Bug#954272: slurmd: SLURM not working with OpenMPI

2020-07-20 Thread Lars Veldscholte

Hi,

I believe I have found a solution.

I must confess that I still don't fully understand the difference 
between the various PMI APIs, and which ones are supported by OpenMPI, 
but I found that the recommended way is to use PMIx.


However, PMIx was not working on my system even though libpmix2 is 
installed:


# srun --mpi pmix ./a.out

srun: error: (null) [0] /mpi_pmix.c:133 [init] mpi/pmix: ERROR: 
pmi/pmix: can not load PMIx library


srun: error: Couldn't load specified plugin name for mpi/pmix: Plugin 
init() callback failed


srun: error: cannot create mpi context for mpi/pmix

srun: error: invalid MPI type 'pmix', --mpi=list for acceptable types

Running `strace srun --mpi=pmix ./a.out` revealed that SLURM is looking 
for the pmix library at `/usr/lib/x86_64-linux-gnu/pmix/lib/libpmix.so`, 
which does not exist, only `libpmix.so.2` exists.


Installing the package `libpmix-dev` installs this library (it symlinks 
it to the same file `libpmix.so.2` is symlinked to).


Now, `srun --mpi=pmix ./a.out` is working!
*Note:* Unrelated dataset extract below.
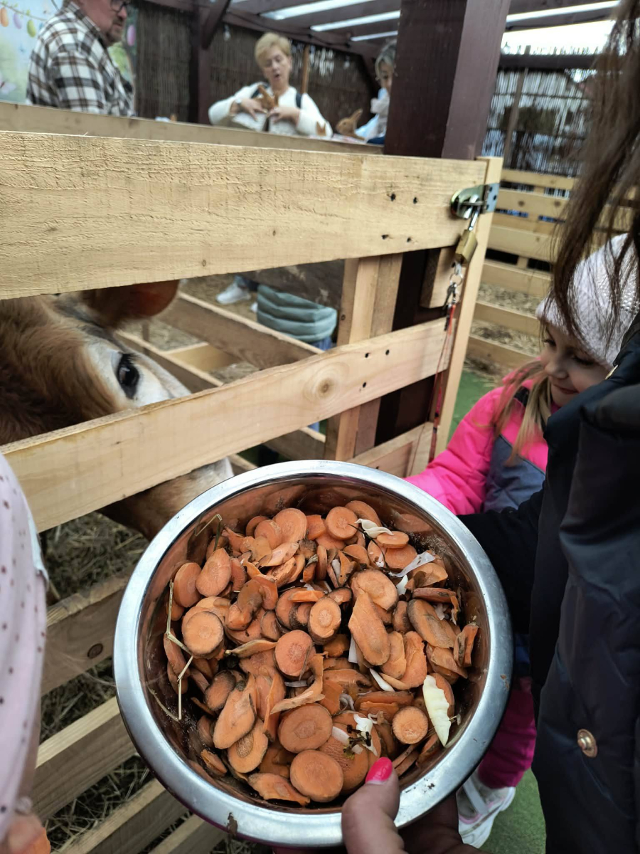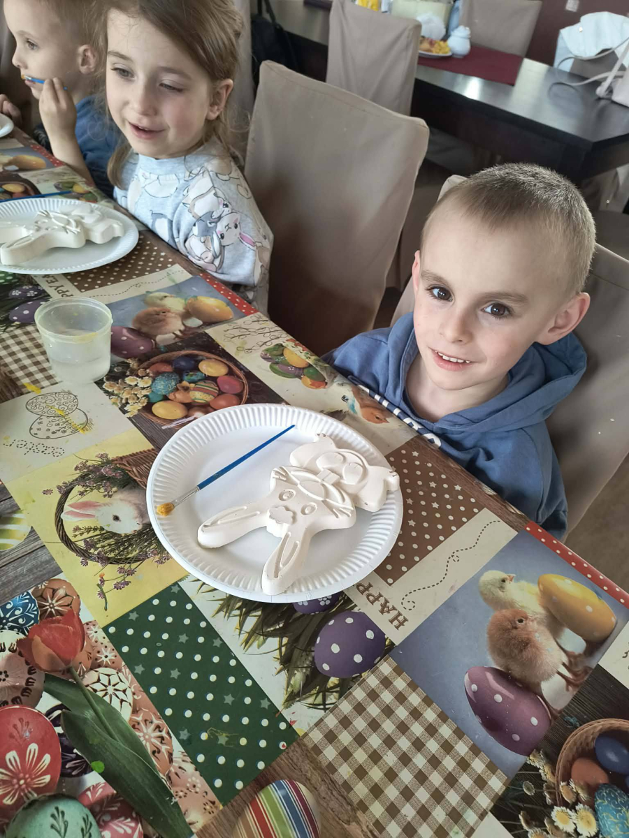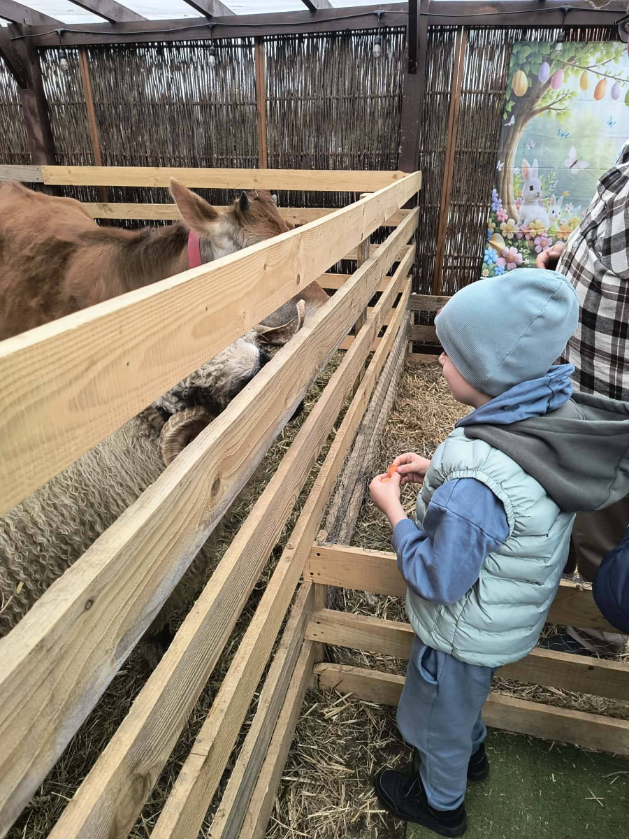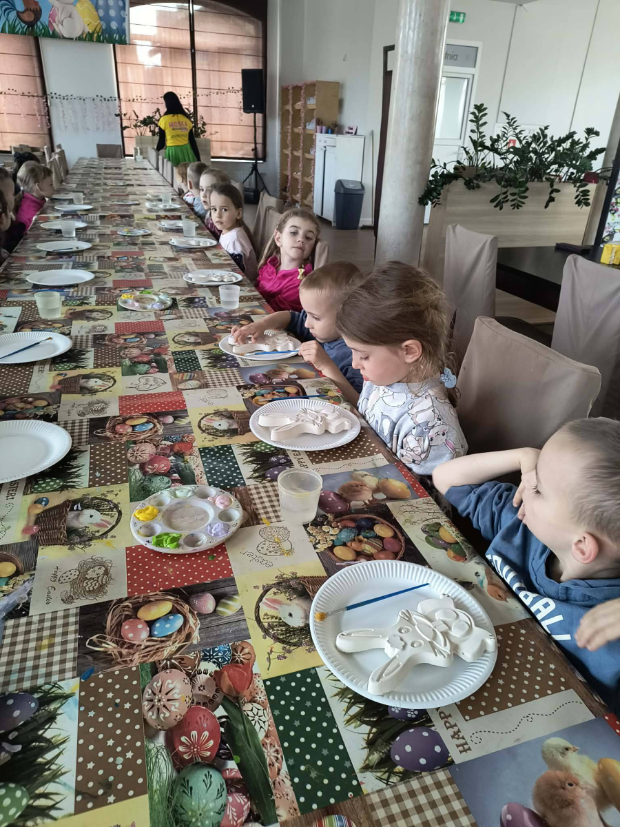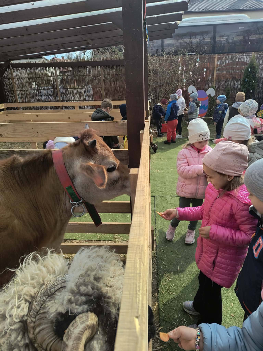 Zwieńczeniem dnia był wyjazd do Wioski Wielkanocnej. Tam przedszkolaki miały okazję zobaczyć zwierzęta gospodarskie, takie jak króliki, kozy, krowę i owce. Największą atrakcją dla dzieci było karmienie zwierząt, które sprawiło im wiele radości i dostarczyło niezapomnianych wrażeń. Dzieci wzięły również udział w warsztatach plastycznych, podczas których malowały króliczki.

I'm not 100% sure, but I think that the package `libpmix2` should also 
install the file `libpmix.so`. The dev package shouldn't be required for 
that, right?


Lars



signature.asc
Description: OpenPGP digital signature


Bug#954272: slurmd: SLURM not working with OpenMPI

2020-07-20 Thread Alastair McKinstry



On 20/07/2020 14:52, Lars Veldscholte wrote:

Hi,

I believe I have found a solution.

I must confess that I still don't fully understand the difference 
between the various PMI APIs, and which ones are supported by OpenMPI, 
but I found that the recommended way is to use PMIx.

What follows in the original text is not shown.